After nearly a year, the Library Statistics System -- an inventive name that I thought up all by myself -- has finally reached "1.0" status. This means that the first major iteration of the system is complete, with all planned features having been implemented and all known bugs fixed. The system has been ingesting statistics since last summer, and as of this writing, exactly 4,113 data points have been entered into it.
This blog post is intended to provide some background on the system: where it came from, what motivated it, and how it works.
Before the system
Before the system, library statistics were collected manually and saved in a fiscal-yearly Excel spreadsheet. In general, each spreadsheet collected more detail than the last. Statistics were stored in a way that was not really amenable to automated analysis. With new requirements for more fine-grained data that had never been collected before, there was a need for an alternative to the "old" workflow.

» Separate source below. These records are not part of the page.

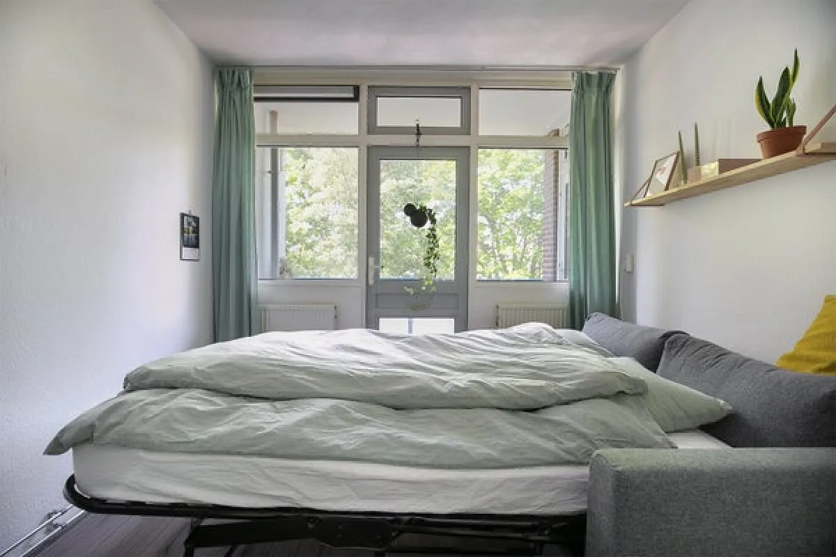 Dit heerlijke appartement is gelegen in een groene wijk. Binnen 10 minuten lopen bent u al bij het Agnetapark. Het Centraal Station bevindt zich op 5 fietsminuten evenals de supermarkt die op 5 minuten loopafstand ligt. De rondwegen A13 en A4 zijn binnen 10 minuten bereikbaar.
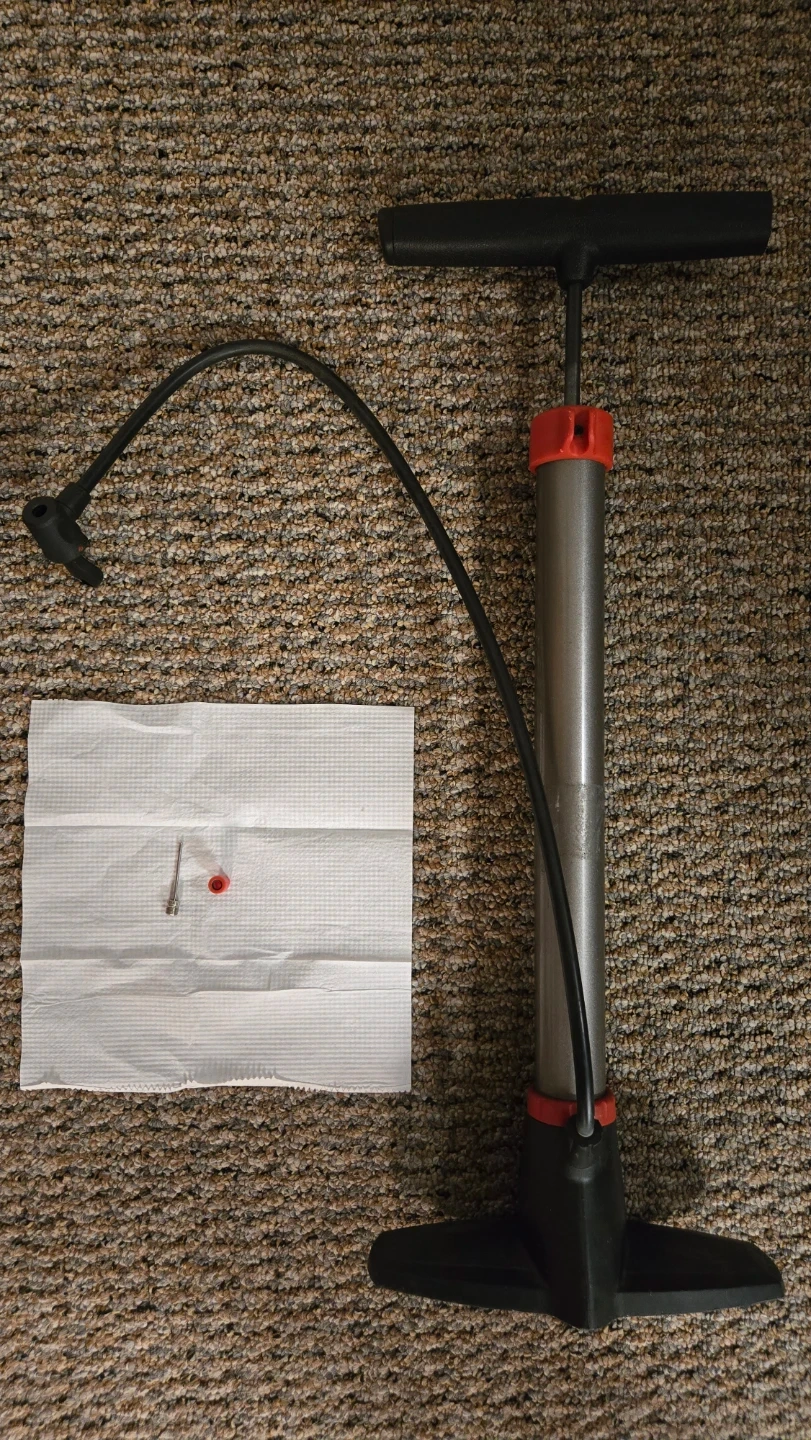 Comes with adaptor and pin to inflate basketballs, volleyballs, soccer balls, etc. It also inflates bicycle, trailer and car tires.
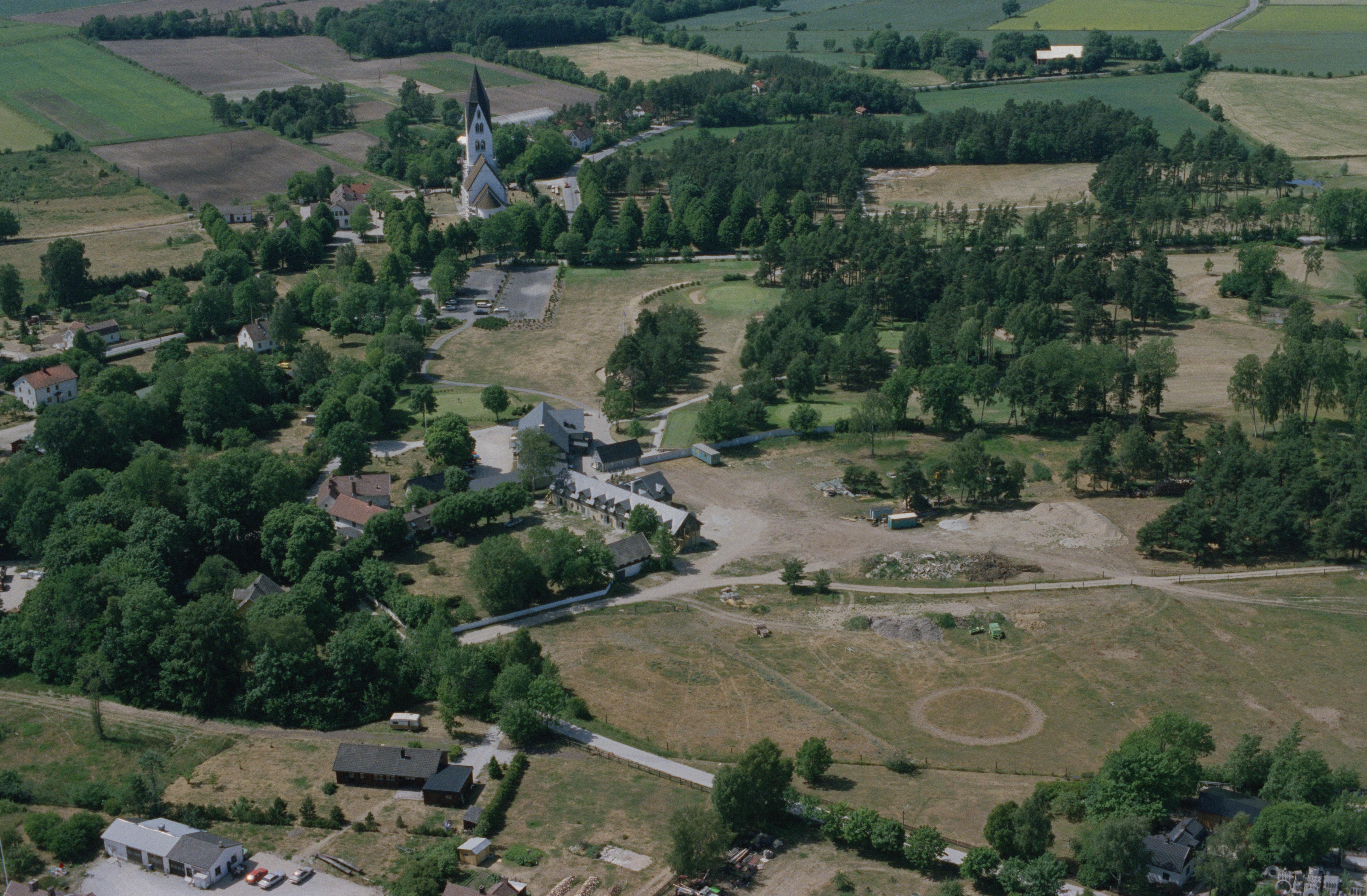 Beskrivning: Gumbalde golf och hotel vid Stånga kyrkby. I golfbanan boplats RAÄnr Stånga 55:4 m.fl. Stånga kyrka till vänster i bildens övre del. Bilden är tagen mot (väderstreck): V

Work on the system started last May and entailed a from-scratch attempt at designing a new way to store library statistics -- specifically our statistics, which are a unique creature. The design of the system carries with it certain tradeoffs, as all designs do. Overall, it was informed by these primary goals:
- Be able to store all current and past statistics without a lot of kludging.
- Be easy to use for data entry.
- Be able to generate useful chart-based reports.
- Be able to generate useful table-based reports.
- Be able to provide basic audit trails.
- Support data integrity.
- Be able to provide contextual information.
- Be able to accommodate future schema changes without breaking any of the above.
Below, I will talk about each goal in more detail.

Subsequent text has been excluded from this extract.